By Jennifer Rigby
LONDON (Reuters) – A global stockpile of Ebola vaccines can be used to protect frontline health workers in high-risk countries routinely, rather than just as an emergency measure during outbreaks, international vaccine group Gavi said on Thursday.
A stockpile of half-a-million Ebola vaccine doses was established by Gavi and other global health partners in 2019 for use in outbreaks of the haemorrhagic fever, which has an average fatality rate of roughly 60%. Around 11,000 people died in a 2014-16 outbreak in West Africa, the largest ever.
But while highly deadly, outbreaks of Ebola are relatively rare. Around 208,000 doses of the stockpiled Ervebo vaccine, made by Merck, are set to expire this year if unused.
Some countries have already had doses shipped to them for preventative campaigns, including Democratic Republic of Congo and Uganda.
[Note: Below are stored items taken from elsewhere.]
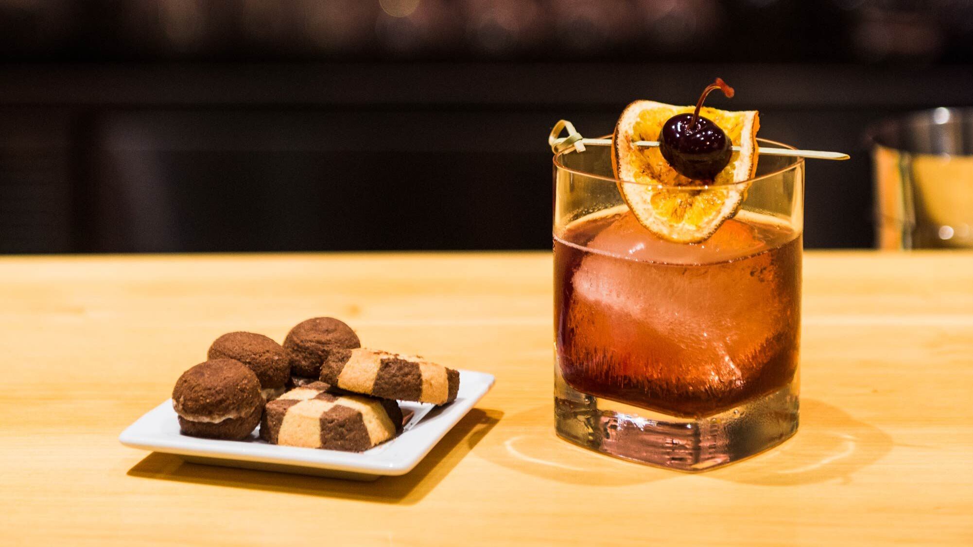 Bar Rione turned a concrete box once occupied by a convenience store into a sophisticated cocktail party. Operating as the waiting room for Pearl Italian spot Piazza Italia, its décor is comparatively subdued, but that just makes the more modern features—like a teal braided chandelier that spreads across the ceiling canopy style—pop.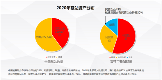 吉林市的基站分布,民营企业占比45% ,航建集团在民营企业中占比30%,目前航建集团在吉林市预收购目标已达民企中占比80%。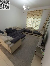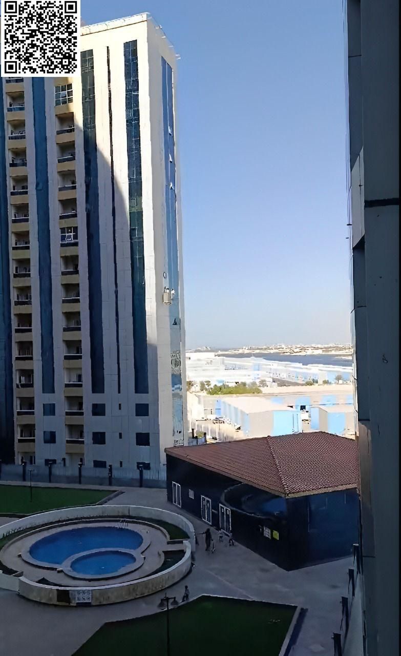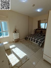 Private parking, a furnished one - bedroom apartment for annual rent in Ajman, Orient Towers on Al Mina Street, with excellent space, central AC, a balcony, clean and tidy furniture, fully equipped with all household appliances, in a prime location close to all services and with easy access to Dubai and Sharjah, price AED37000 annually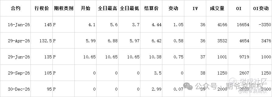 (2)阿里:1月最大持仓范围150-160,窝轮牛熊街货分布135-165,今收142.6,下跌2.26%。期权盘路变化超过1000张的仓位如下,虽然好几个月份的,但都是认沽,而且增仓行权价都是135以下,你品,你细品。马爸爸还是那个马爸爸,买了阿里股票,拿个五年十年,大概率还是涨的。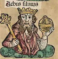 In Roman mythology, Atys /ˈeɪtɪs/ (said to have reigned 989-963 BC)[1] was a descendant of Alba and the sixth king of Alba Longa. Geoffrey of Monmouth asserted in his Historia Regum Britanniae that Silvius (whom he calls "Silvius Epitus") succeeded Alba at the same time that Solomon began to build the Temple in Jerusalem, and king Leil of Britain founded Carlisle.[2] The king is thought to be the Ancestor of Atia gens.[3]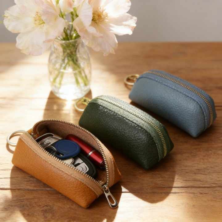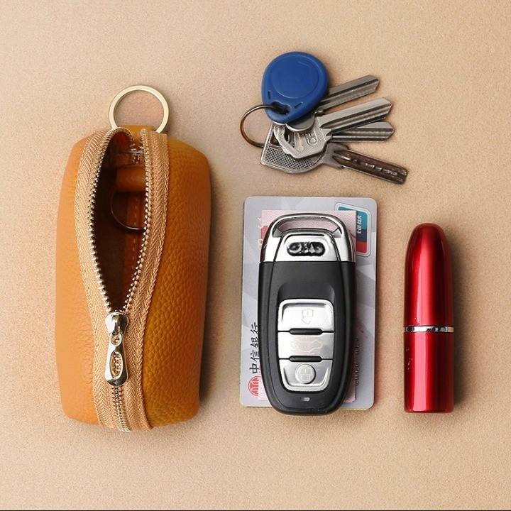 Étuis à clés de voiture en cuir PU de haute qualité, motif litchi, portables, durables, grande capacité, fermeture éclair, pochette de rangement quotidienne
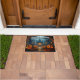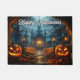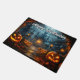 このクリエイティブハロウィーンのウェルカムマットは、照明カボチャの不気味なペアのイラストレーションを備えている。ご希望の感じように自由にオプションを調整してください。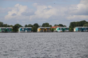 Schliesslich verliessen wir die Maas und fuhren durch den See zum Watersportcentrum Maasbommel.Dem Strand entlang sind schöne farbige Ferienhäuser entstanden, jedes mit Seeanstoss und Anlegesteg.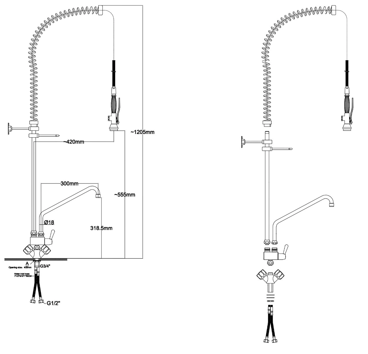 - Výška: 120,5 cm – Umožňuje pohodlnou manipulaci i u velkých dřezů a mytí většího nádobí a kuchyňských zařízení.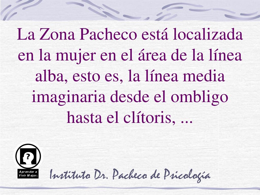 La Zona Pacheco está localizada en la mujer en el área de la línea alba, esto es, la línea media imaginaria desde el ombligo hasta el clítoris, ... Instituto Dr. Pacheco de Psicología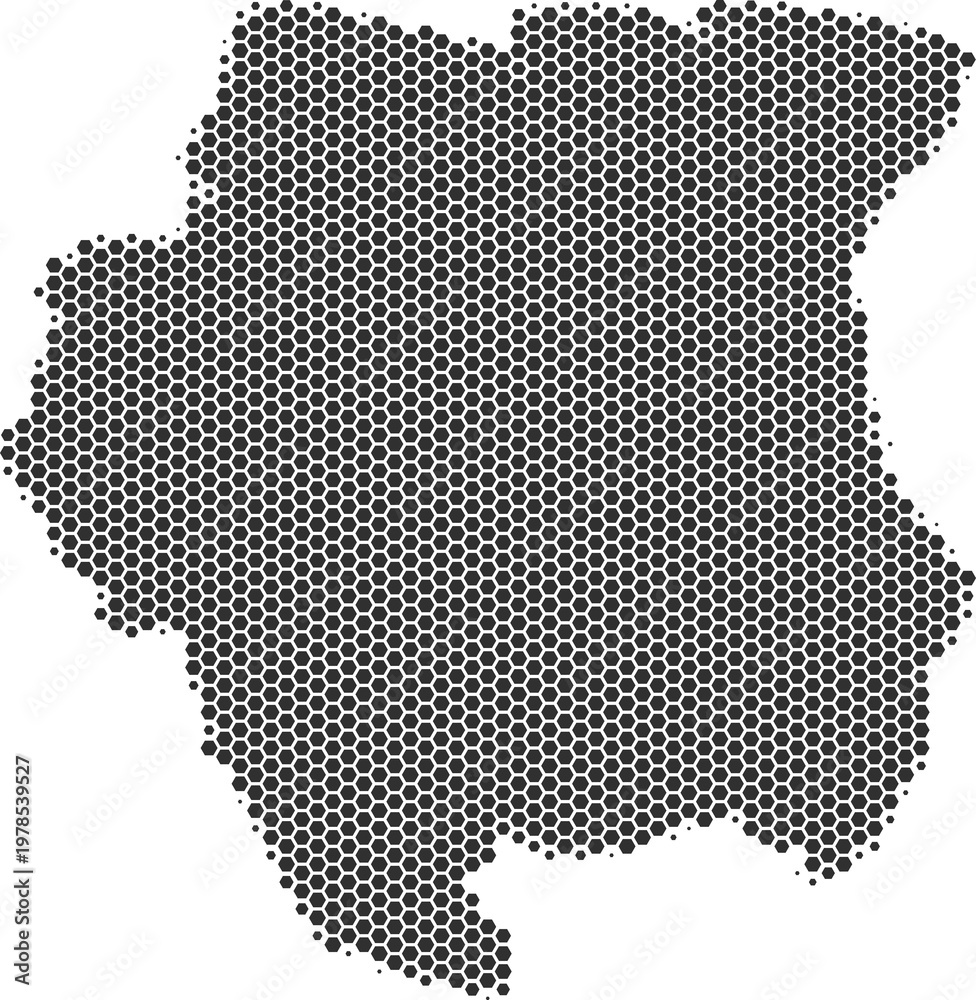 Suriname map hexagonal half tone pattern isolated transparent PNG design element. Modern technological contour map of Suriname for design, infographic, presentations or business projects #1978539527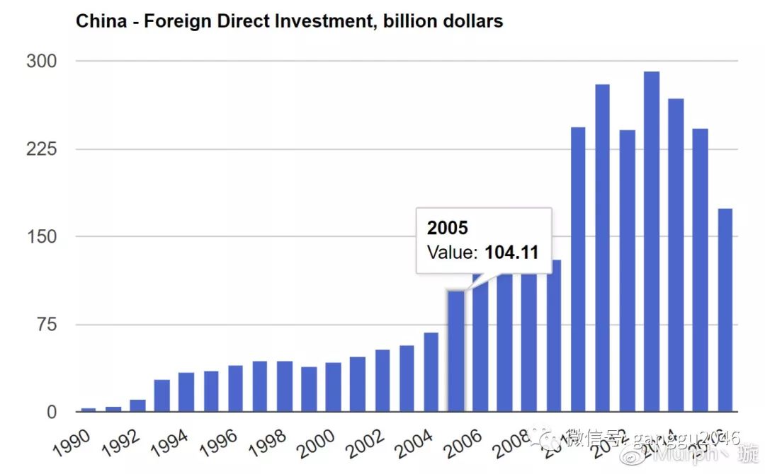 当一个国家的经济经历繁荣时,它往往会吸引全世界的投资者。如下图为中国的外商直接投资,从2001年开始,每年都超过500亿美元,2005年中国宣布将允许人民币升值之后,更是每年都超过1000亿美元。

Now Gavi says it will fund this use routinely for high-risk countries, including transport and vaccination costs, after the World Health Organization last month recommended using Ervebo in this way.
The WHO also backed preventative use for high-risk groups of the other Ebola vaccine, made by Johnson & Johnson with a booster dose made by Bavarian Nordic. This vaccine is not currently held in the stockpile. Both vaccines target the Ebola Zaire strain of the virus, rather than the Sudan strain that caused an outbreak in Uganda in 2022.
Gavi chief executive Sania Nishtar said the stockpile had already helped cut down Ebola cases and deaths during outbreaks and could now protect those at highest risk from this “terrible disease that can lay waste to whole communities”.
Gavi also said that it would support lower-income countries to add a number of other vaccines in their routine programmes.
These included introducing a dose of the hepatitis B vaccine at birth, a new vaccine protecting against five strains of meningococcal meningitis, and the use of the rabies vaccine for protection post-exposure. The plans, including for preventative Ebola vaccination, were all signed off by Gavi’s board before COVID-19 but delayed by the pandemic and other factors.